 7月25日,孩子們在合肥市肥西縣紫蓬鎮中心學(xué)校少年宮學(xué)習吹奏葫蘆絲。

+++

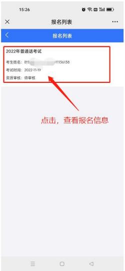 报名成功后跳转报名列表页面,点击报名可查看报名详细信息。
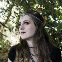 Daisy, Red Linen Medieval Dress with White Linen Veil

+++

### EXERCISE DETAILS:
Within the listing above, the lines starting at the one containing "报名成功后跳转报名列表页面,点击报名可查看报名详细信息。" and ending at the one containing "Daisy, Red Linen" are to be returned exactly. Omit the pictures.

### EXERCISE ANSWER:
 报名成功后跳转报名列表页面,点击报名可查看报名详细信息。
 Daisy, Red Linen Medieval Dress with White Linen Veil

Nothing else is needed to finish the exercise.